Substance Abuse CocaineResearchers led by a team from the National Institute on Drug Abuse (NIDA) in Baltimore, Maryland have found promising results in using continuous heart rate monitoring to detect substance abuse relapse in patients struggling with substance abuse.

The need to ramp up efforts nationally to combat substance abuse has finally gotten the attention of national policy makers on both sides of the aisle. In addition to “more,” we also need better tools to identify patients with substance abuse and help them manage what in many ways is a lifelong, chronic health issue.

We’ve seen a number of studies over the past several years that use mobile technology to improve substance abuse management, whether an app that detects when a recovering alcoholic patient is near a bar, use of apps for substance abuse screening, or text-messaging platforms for crisis intervention. In this study, a team of researchers looked at whether continuously monitoring the heart rate of recovering drug users in a methadone program could help detect relapse sooner.

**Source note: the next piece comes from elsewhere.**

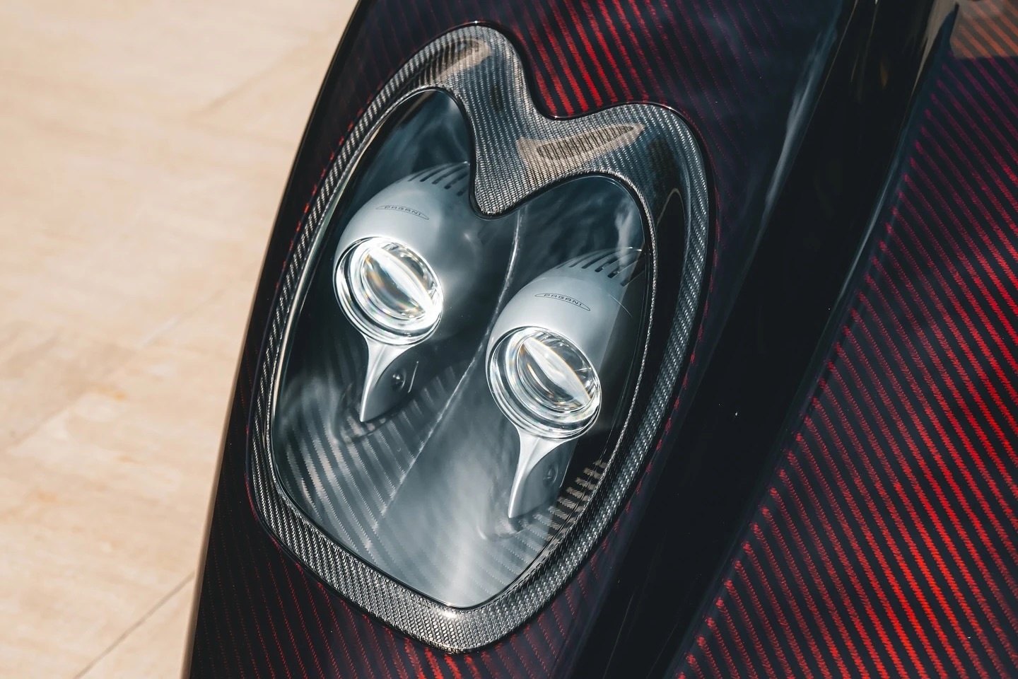 Điểm khác biệt so với các thế hệ trước là cụm đèn pha giữ cấu trúc hai bóng nhưng được tinh chỉnh gọn gàng, tạo thành khối thống nhất. Cặp gương chiếu hậu lấy cảm hứng từ đôi mắt trên Huayra được đặt thấp hơn để tối ưu khí động học. Thiết kế cửa gull-wing (cánh bướm) và nắp ca-pô, nắp khoang động cơ mở ngược – đặc trưng từ Zonda và Huayra – được giữ nguyên.

They used a suite of biosensors called AutoSense, a program that is part of the Genes, Environment, and Health initiative at the NIH. According to the project site, “AutoSense is an unobtrusively wearable wireless sensor system for continuous assessment of personal exposures to addictive substances and psychosocial stress as experienced by human participants in their natural environments.”

AutoSense

Image from AutoSense Project: https://sites.google.com/site/autosenseproject/

Autosense includes wearable sensors that can collect a range of data including a 2-lead ECG, respiration, skin temperature, ambient temperature, alcohol sensor, and activity data using a 3-axis accelerometer. Data is collected by a paired smartphone and the system can run for an impressive 10 days on a single charge.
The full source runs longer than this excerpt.